> _AVAILABLE DATA_:
"""
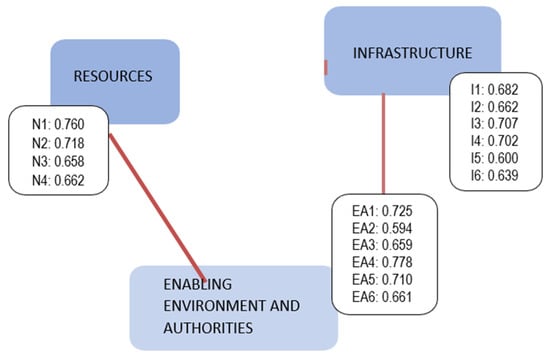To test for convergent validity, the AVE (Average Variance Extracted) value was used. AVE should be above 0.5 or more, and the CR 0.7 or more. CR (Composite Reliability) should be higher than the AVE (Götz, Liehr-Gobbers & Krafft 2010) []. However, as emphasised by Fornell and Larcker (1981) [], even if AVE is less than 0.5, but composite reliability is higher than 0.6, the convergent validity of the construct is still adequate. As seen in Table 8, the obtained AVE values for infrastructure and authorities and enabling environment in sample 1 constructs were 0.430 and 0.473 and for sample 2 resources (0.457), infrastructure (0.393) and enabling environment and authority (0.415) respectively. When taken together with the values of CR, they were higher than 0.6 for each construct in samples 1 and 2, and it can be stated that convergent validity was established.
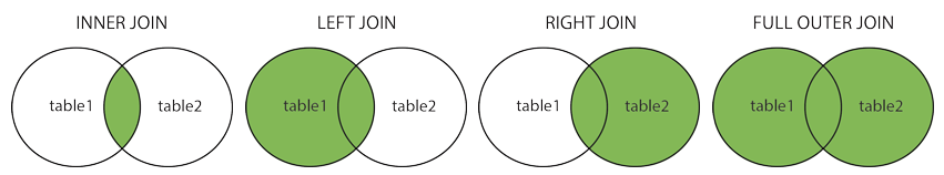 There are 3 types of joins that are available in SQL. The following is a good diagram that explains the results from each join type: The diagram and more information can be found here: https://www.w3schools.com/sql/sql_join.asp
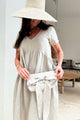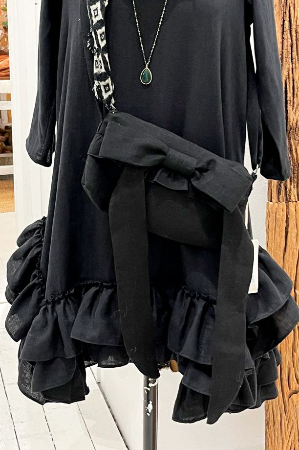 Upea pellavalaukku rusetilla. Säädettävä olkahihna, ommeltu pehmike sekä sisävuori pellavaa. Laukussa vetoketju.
"""
"""
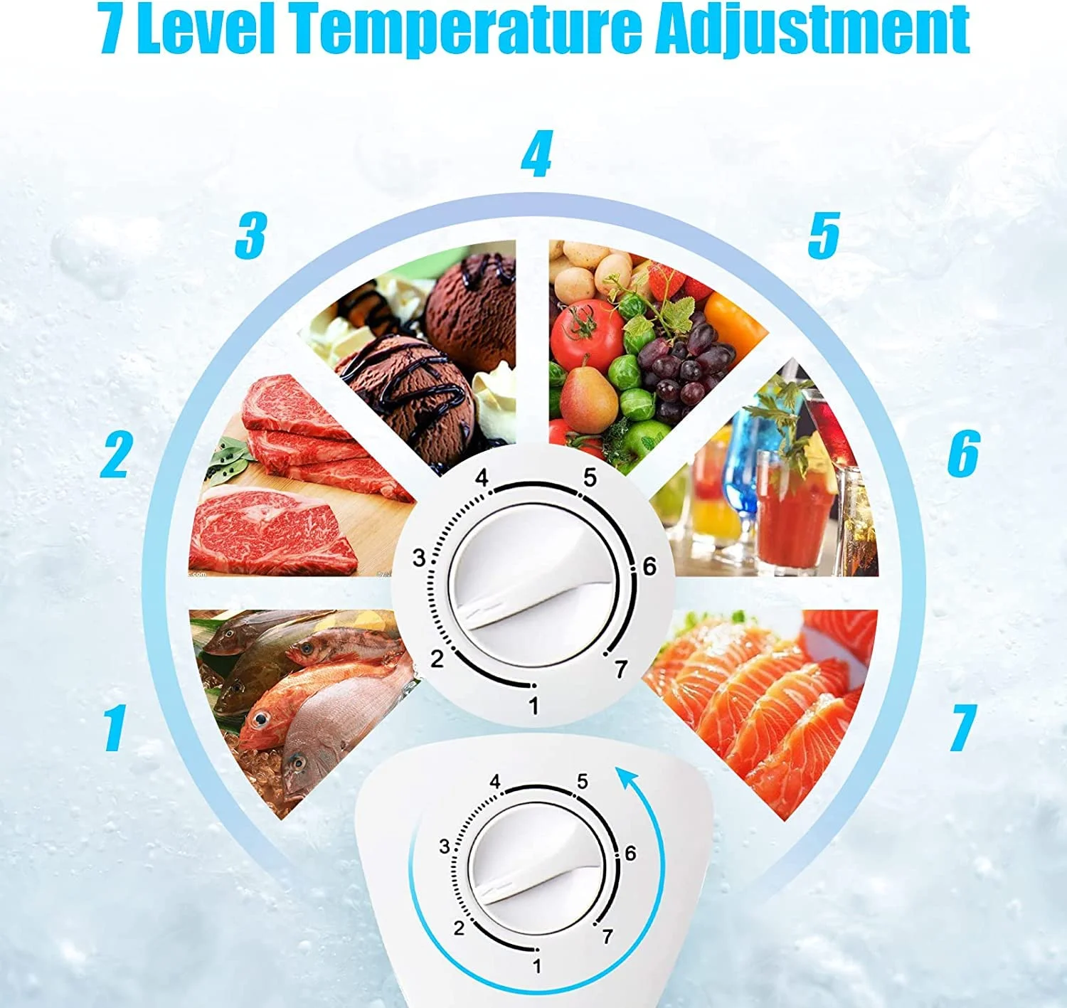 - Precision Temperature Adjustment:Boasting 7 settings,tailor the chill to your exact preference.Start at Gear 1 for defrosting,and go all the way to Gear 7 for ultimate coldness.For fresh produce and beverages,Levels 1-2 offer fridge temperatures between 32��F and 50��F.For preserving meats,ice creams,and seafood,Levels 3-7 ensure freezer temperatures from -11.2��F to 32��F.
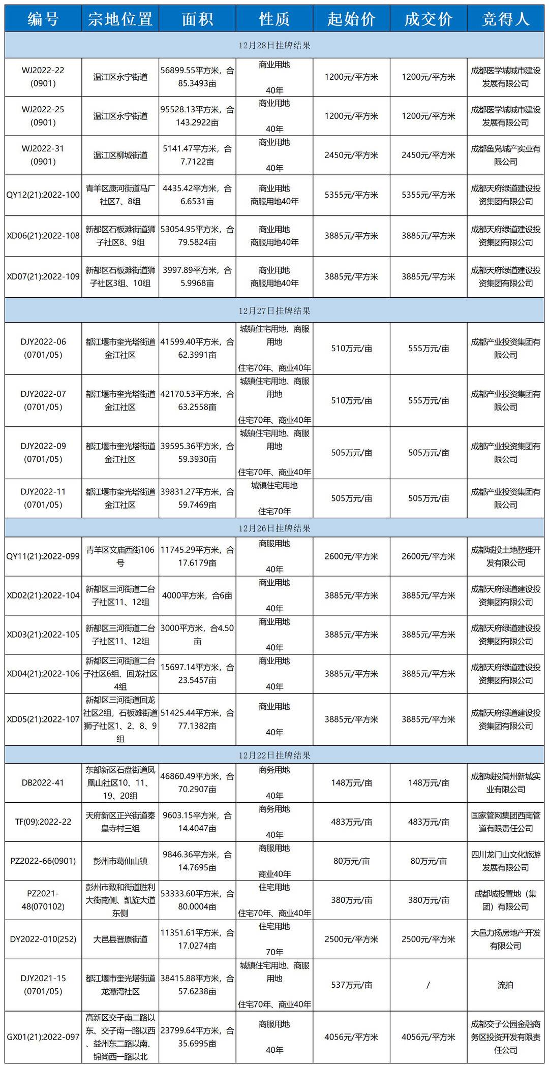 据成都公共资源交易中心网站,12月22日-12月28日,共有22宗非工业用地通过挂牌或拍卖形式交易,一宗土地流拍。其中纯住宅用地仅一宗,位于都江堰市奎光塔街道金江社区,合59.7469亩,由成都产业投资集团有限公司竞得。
"""
"""
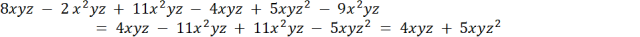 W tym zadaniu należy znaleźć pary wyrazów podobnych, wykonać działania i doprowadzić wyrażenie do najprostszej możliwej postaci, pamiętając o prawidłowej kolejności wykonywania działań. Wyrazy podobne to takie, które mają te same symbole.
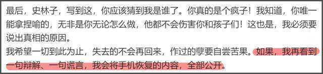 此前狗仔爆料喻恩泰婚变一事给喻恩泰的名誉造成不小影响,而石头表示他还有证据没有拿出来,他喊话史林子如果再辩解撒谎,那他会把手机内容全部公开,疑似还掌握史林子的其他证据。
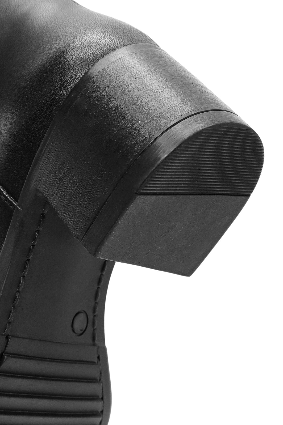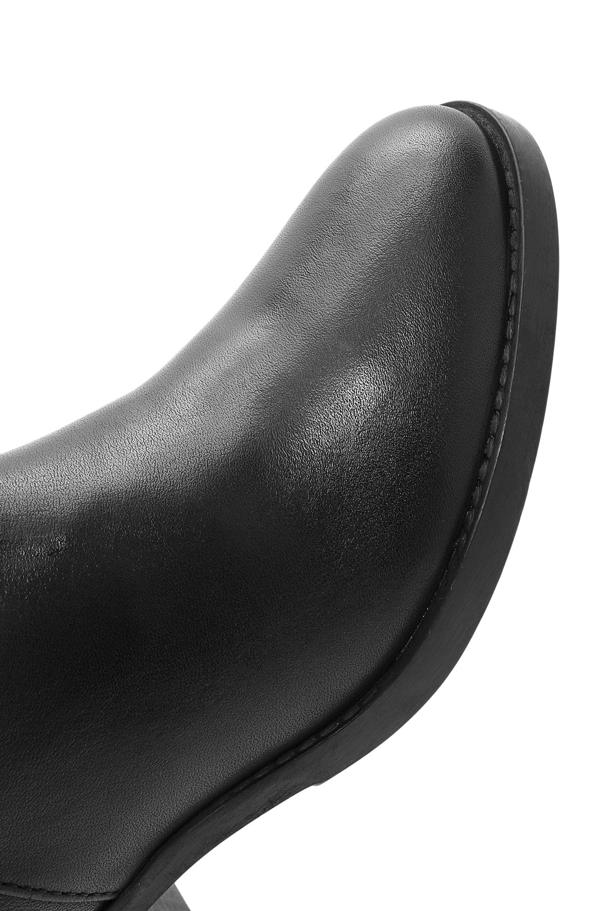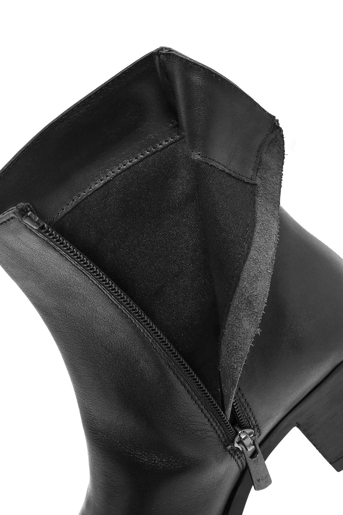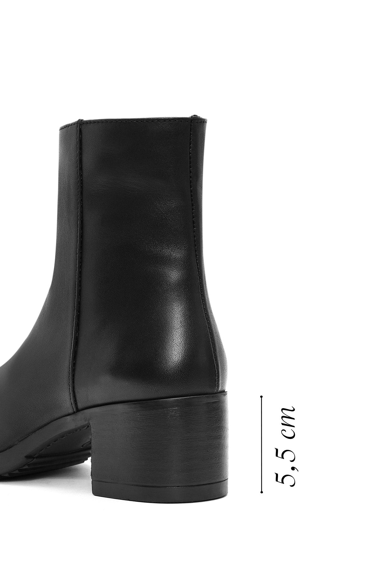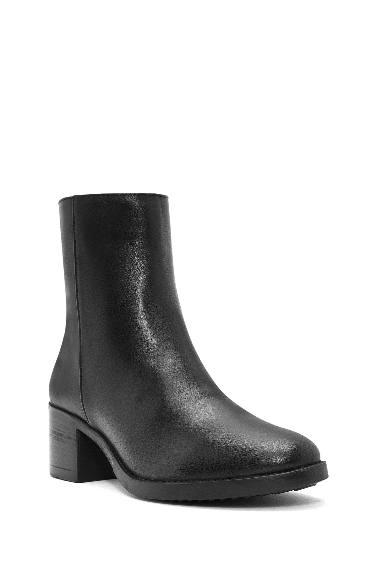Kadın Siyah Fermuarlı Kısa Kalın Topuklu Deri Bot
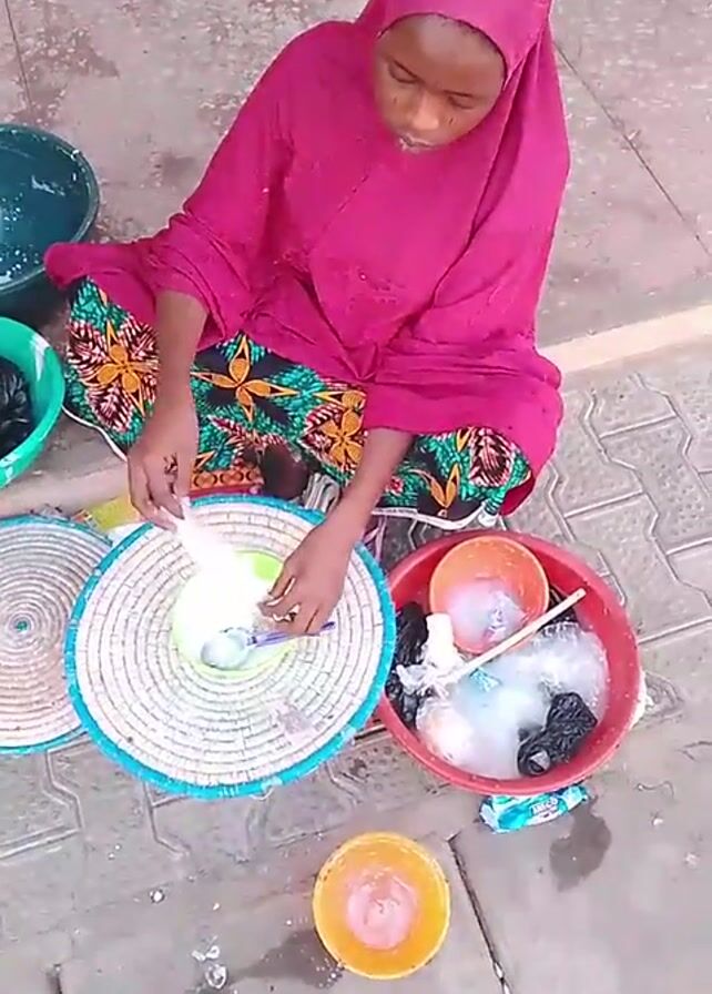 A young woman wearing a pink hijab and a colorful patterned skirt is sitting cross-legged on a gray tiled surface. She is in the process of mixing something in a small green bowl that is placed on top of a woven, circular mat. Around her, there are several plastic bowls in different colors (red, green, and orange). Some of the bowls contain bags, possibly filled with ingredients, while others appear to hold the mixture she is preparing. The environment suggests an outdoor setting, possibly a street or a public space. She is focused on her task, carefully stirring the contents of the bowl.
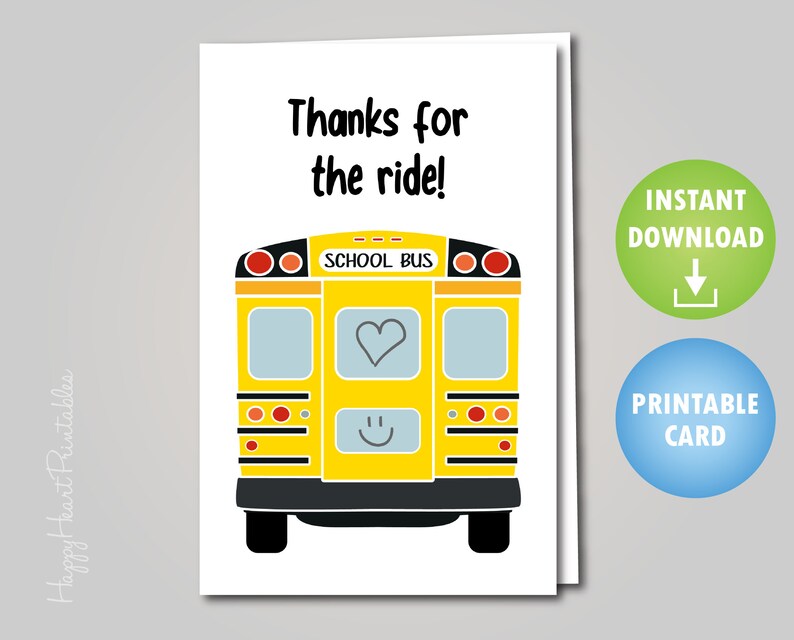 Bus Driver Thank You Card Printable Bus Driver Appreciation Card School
"""
> _ASSIGNMENT_: Going back to the data above, write out everything from the line with "There are 3" down to the line with "Upea pellavalaukku rusetilla.", both included, leaving every picture out.

> _TASK ANSWER_:
 There are 3 types of joins that are available in SQL. The following is a good diagram that explains the results from each join type: The diagram and more information can be found here: https://www.w3schools.com/sql/sql_join.asp
 Upea pellavalaukku rusetilla. Säädettävä olkahihna, ommeltu pehmike sekä sisävuori pellavaa. Laukussa vetoketju.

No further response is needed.